The bosun and his mates repeated the order louder still, emphasizing it with an extraordinarily shrill piping, as though the entire ship’s company had not been poised for the exercise ever since the mooring buoys were seen - a roaring and piping repeated right down the squadron’s line and even aboard the little Ringle, a biscuit-toss to leeward.

‘We will furl in a body, if you please, Mr Woodbine: and let us square by the lifts and braces.’

Meeting Bonden’s questioning look, Jack nodded, and said to Stephen, ‘I hope you will accompany me? I must pay my respects to the Spanish commandant.’ It was known throughout the Surprise - always had been known - that the Doctor spoke foreign to a remarkable extent, and was always called upon to do the civil thing in case of need: today he was to present the Commodore’s ceremonial compliment to the senior officer who represented his country’s sovereignty, a purely nominal sovereignty at present, since with the full agreement of her Spanish ally, Great Britain’s Royal Navy carried on with the unrestricted use of the great naval base.

While his barge was lowering down, Jack lingered on the quarterdeck, watching the other ships as they too furled in a body and squared their yards. It was toilsome, but it did look trim; and, he hoped, would to some extent redeem the slowness of his passage.

‘Now, sir,’ said Killick at his side, ‘all is laid along, together with your presentation sword. But, sir,’ - lowering his voice - ‘the Doctor can’t go ashore in that there rig. Which it would bring discredit on the barky.’

Stephen was in fact wearing an old black frock-coat in which he had obviously been either operating or dissecting without an apron; and although late last night Killick had privately taken his shirt and neck-cloth from beside his cot, the Doctor had obviously found where they were stowed.

Some years before this, the Sick and Hurt Board had ordained a special uniform for surgeons, a blue cloth coat with blue cloth lapels, cuffs and embroidered collar, three buttons on cuffs and pockets, white lining, white cloth waistcoat and breeches: the garments existed, they having been made by the naval tailor who had always looked after Jack, but Stephen had doggedly resisted hints that he should wear them, even when the gunroom gave a ceremonial dinner to welcome Mr Candish, their new purser.

Now, however, Jack’s argument that for the sake of the Adriatic cruise and all that it entailed they must both look like grave, responsible beings, after their call on the Spaniard, when they waited upon Admiral Fanshawe, his secretary and his political adviser, good relations being of the first importance - an argument that was expressed with great earnestness - overcame Stephen’s reluctance, and they both went over the side soberly magnificent.

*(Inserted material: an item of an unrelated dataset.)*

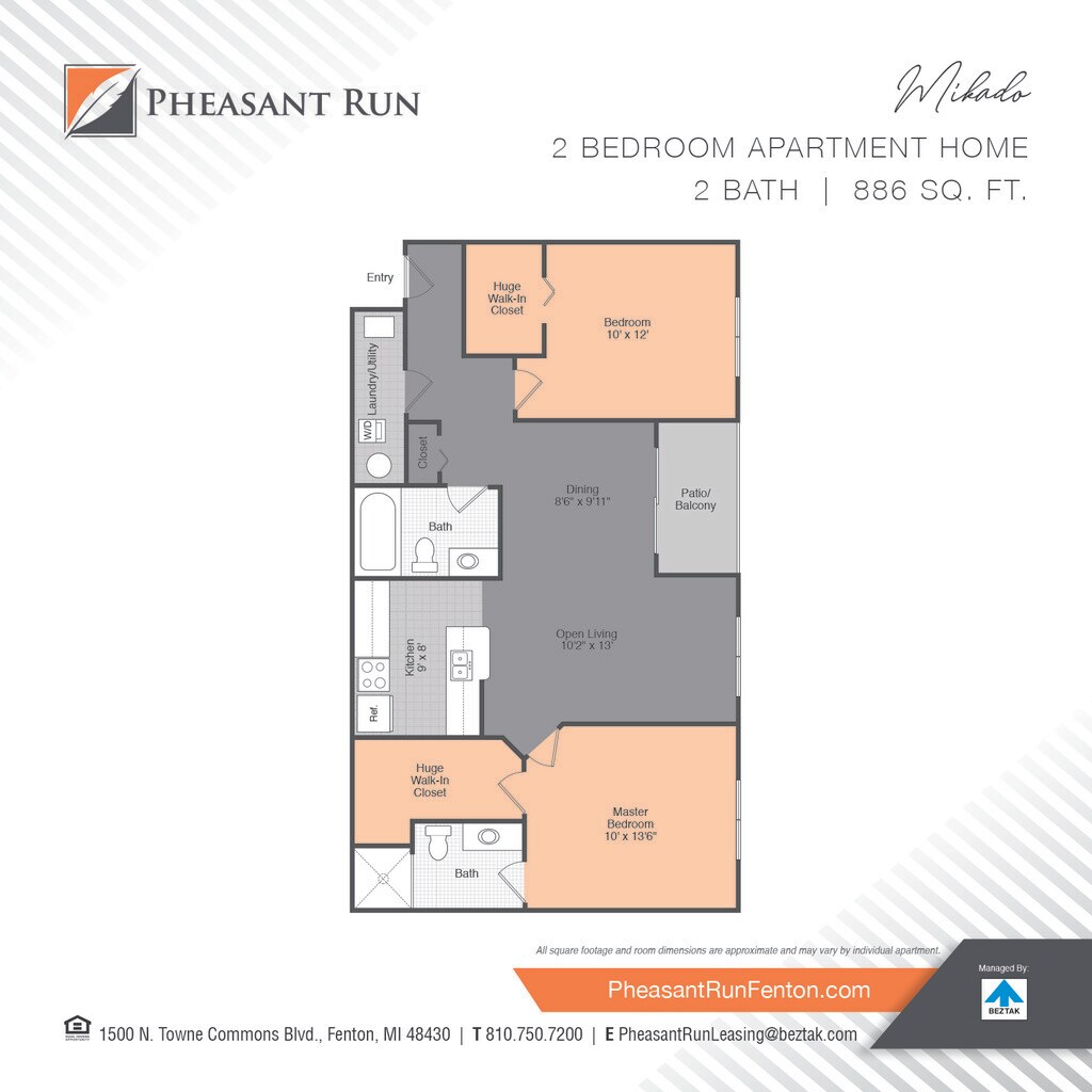 Pheasant Run offers 1 to 2 Bedroom apartments starting from $1,160 and having 790–890 sq ft. Here is the current pricing and availability:
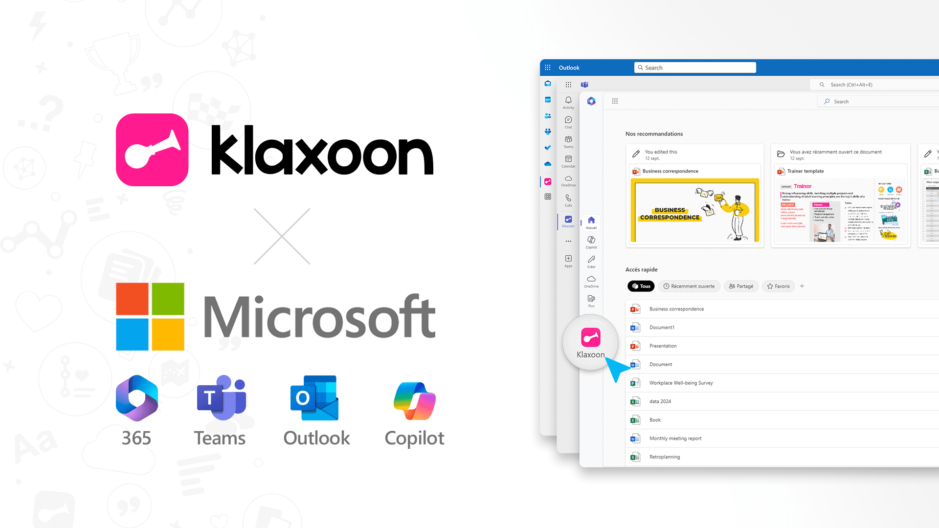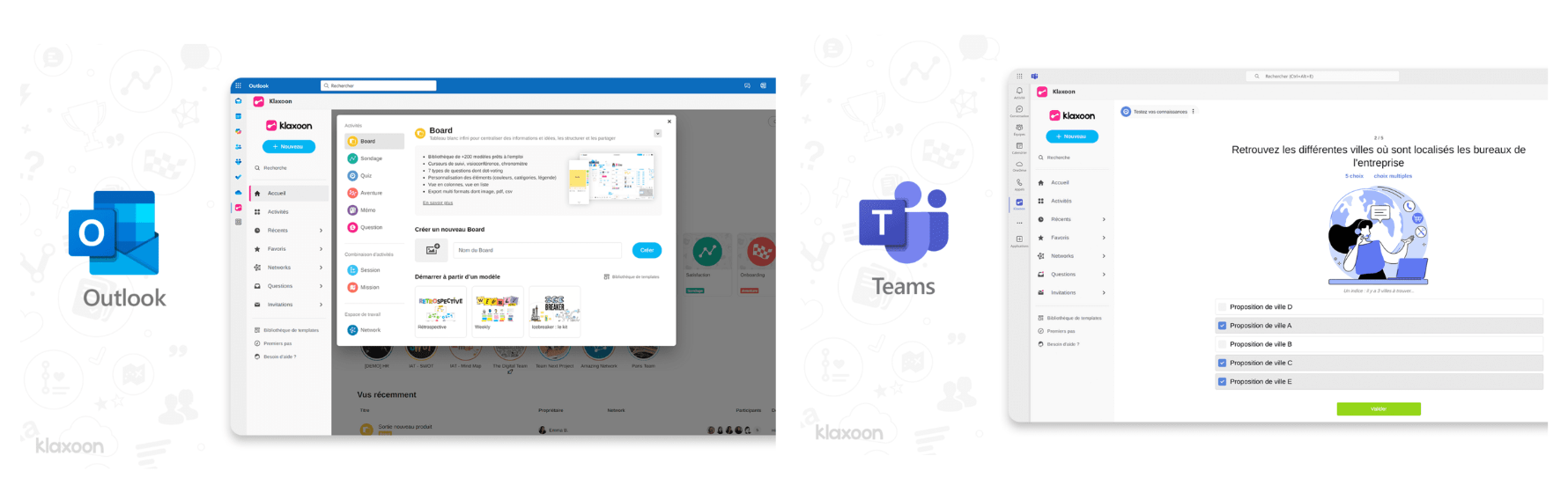 Que ce soit en utilisant Klaxoon dans Outlook pour consulter vos mails et suivre vos activités, ou dans Teams pour retrouver l'ensemble de vos travaux, l'intégration s'étend également à l'ensemble de Microsoft 365.

‘Lord,’ said Jack, pausing for breath at’the top of the Pigtail Steps, ‘I must get back to my way of running up to the masthead at least once every morning. I am growing old, unsound in wind and limb.’

‘You are growing obese: or rather you have grown obese. You eat far too much. I particularly noticed the shameless way you indulged in the soused pig’s face at our feast to welcome Mr Candish.’

‘I did so deliberately, to encourage him. He is somewhat bashful, though he is a very fine fellow. I am delighted to have him: though how Mr Smith ever came to propose him, I cannot tell.’

‘When the convoy’s captains came aboard there was a certain lack of candles, as you may recall.’

‘Well, what of it?’

‘And perhaps Mr Smith may have heard one of our sailors call out “if only we had a real purser, there would not be all this Bedlam running about and shouting every single time we want a bloody dip”. And one of the Indiamen’s officers asked “What, ain’t you got a real purser?”